Su edificio, ubicado en la calle Balsas 18, colonia Miravalle, en Benito Juárez, colapsó.

“Bajé, pero en el segundo piso la losa cayó y quedé enterrada por dos horas con mi perrita”, narra. Los tres quedaron atrapados bajo los escombros durante dos horas.

Carla se colocó en posición fetal para proteger a su perrita Mía. El marco de una puerta se le enterró en el brazo derecho y una viga aplastó sus costillas. La losa que cayó no la aplastó porque Pablo, quien corrió tras ella, la estaba sosteniendo con la mitad de su cuerpo.

La mujer de 38 años recuerda que “por más que quería gritar no había forma de que me escucharan, además de que me costaba recuperar la respiración”.

“Un ángel en mi vida”

La primera persona que llegó al rescate de Carla fue su amigo Agustín. Tras el sismo intentó llamarla y al no recibir respuesta, llegó al edificio.

“Él subió a mi departamento, no me vio y a la hora de bajar escuchó los gritos del entrenador, me ve a mí porque había un huequito en la losa que estaba encima de mi y fue por ayuda”, explica Carla.

Con una barreta, un grupo de hombres, liderados por Agustín, comenzaron a tratar de partir la losa, “pero él (Agustín) sufre del corazón, entonces se empezó a preinfartar y lo sacaron, pero aún así es un ángel en mi vida y quiso seguir”, dice Carla, sonriente y agradecida.

Después de dos horas, liberaron a Pablo, luego a Mía, y finalmente pudieron sacar a Carla, quien estuvo consciente todo el tiempo y pudo guiar a sus rescatistas hacia el lugar en el que estaba.

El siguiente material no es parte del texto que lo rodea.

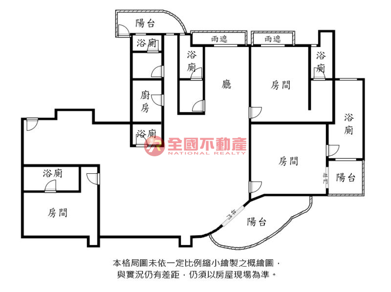 ※本格局圖係未依實際比例繪製之概繪圖。其比例、座向、格局、形狀等,仍須以房屋現場為準。
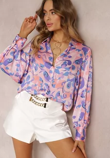 Różowo-Fioletowa Koszula Ozdobiona Abstrakcyjnym Printem Sharleen

Carla resultó con cuatro costillas derechas y dos izquierdas fracturadas, una lesión en la cabeza del fémur, insensibilidad en la pierna derecha, un esguince en el pie derecho, una herida en la cabeza y una más en el brazo. Por el momento usa una silla de ruedas.

Sus otros tres perros: Tara, Jack y Goliath están bien, fueron rescatados entre los escombros de un balcón del edificio; Mía tuvo lesiones similares a las de Carla, por lo que tuvo que ser operada pero se recupera exitosamente.

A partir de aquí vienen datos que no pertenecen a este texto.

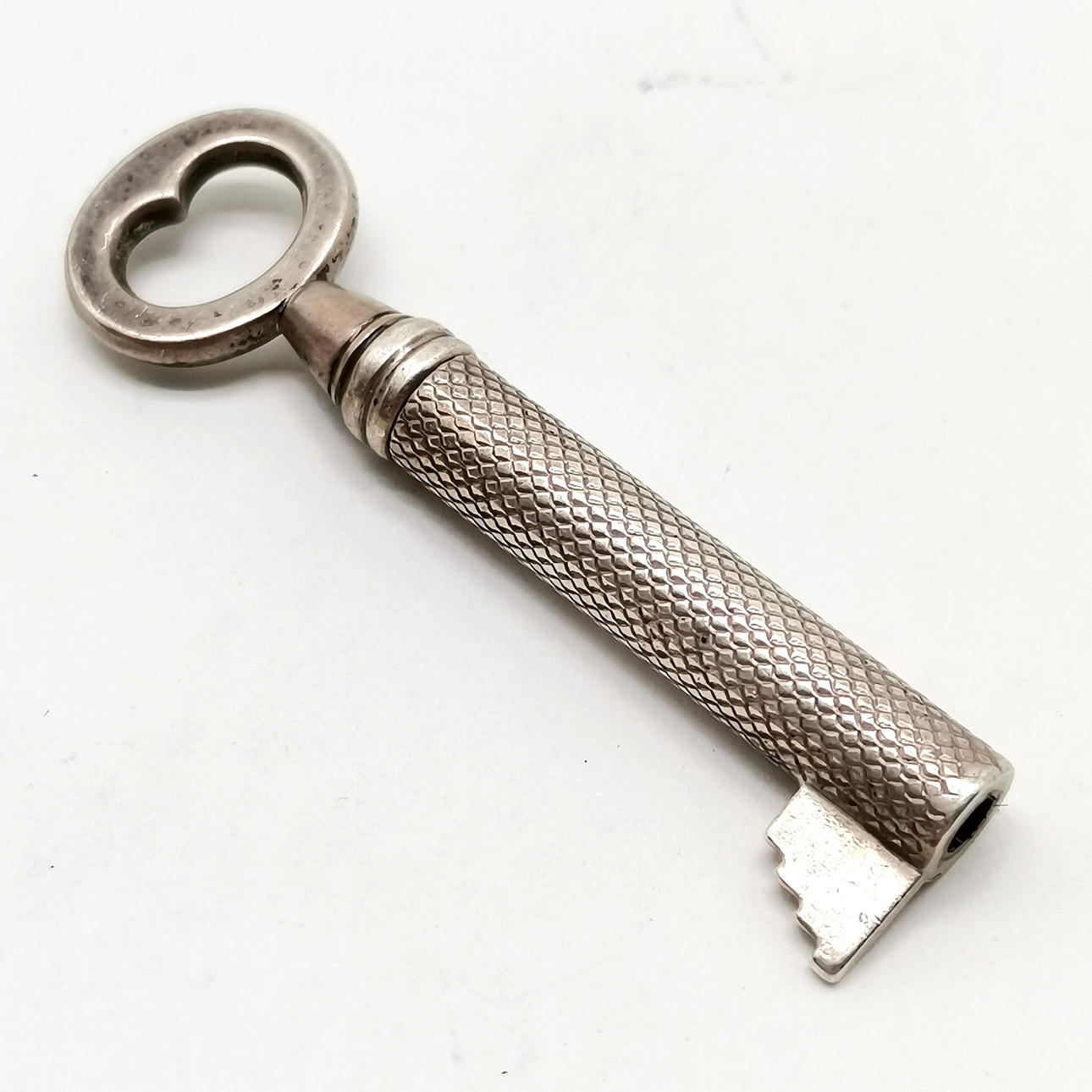 Sampson Mordan unmarked silver propelling pencil in the form of a key with engine turned detail - total 8.5cm & total weight 8.9g.

“La tragedia es dura, pero la vida continúa”

Ahora Carla vive con una de sus tías, y su madre con una de sus primas.

El edificio de Balsas 18 tenía cuatro pisos, que se convirtieron en dos: la planta baja, donde se encontraba el estacionamiento, y el primer piso, colapsaron. Ahí, murieron cuatro personas: Gabriel y Águeda, quienes eran esposos; Eber, vecino; y Érika, quien trabajaba como conserje.

“Gente extraordinaria, fantástica, que (su fallecimiento) ha sido muy doloroso, no nada más para mí, sino para todos los vecinos, porque era gente del día a día. Yo, de entrada, como he vivido aquí toda mi vida los conocí desde chiquitos”, recuerda Carla.

Gabriel y Águeda fueron vecinos del edificio desde hacía mucho, y a Érika la conoció desde siempre, pues su padre, conserje en otro de los edificios ubicado en la calle de Balsas, tuvo ahí su vivienda desde que las dos eran niñas.

“Son pérdidas muy fuertes, y pues que sí sientes un vacío y la impresión de que los viste en algún momento, igual y una noche antes, en la tarde, en la mañana, un hola o un adiós… es duro”, lamenta.

Sin embargo, dice, “no debemos dejar que se derrumbe el espíritu de crecer, de salir adelante y dejar, literal, enterrado lo que pasó. La tragedia es dura, pero la vida continúa”.

Carla se dedica al comercio, por ahora esperará a recuperarse y volver a trabajar, esta vez, con una de sus tías, quien le propuso trabajar con ella en su fábrica de muebles.

Aunque aún no hay certeza de lo que ocurrirá con sus pertenencias o con el edificio, en el que habitaban 16 familias, Carla se muestra positiva.

“Al estar atrapada en esos momentos empecé a valorar muchas cosas, incluso la vida ajena. Aprendí a ser mucho más sensible”, menciona, y, concluye, “si la Tierra se mueve, también nosotros como humanos nos tenemos que mover. Que esto no nos venza; al contrario, que nos dé fortaleza para mejorar”.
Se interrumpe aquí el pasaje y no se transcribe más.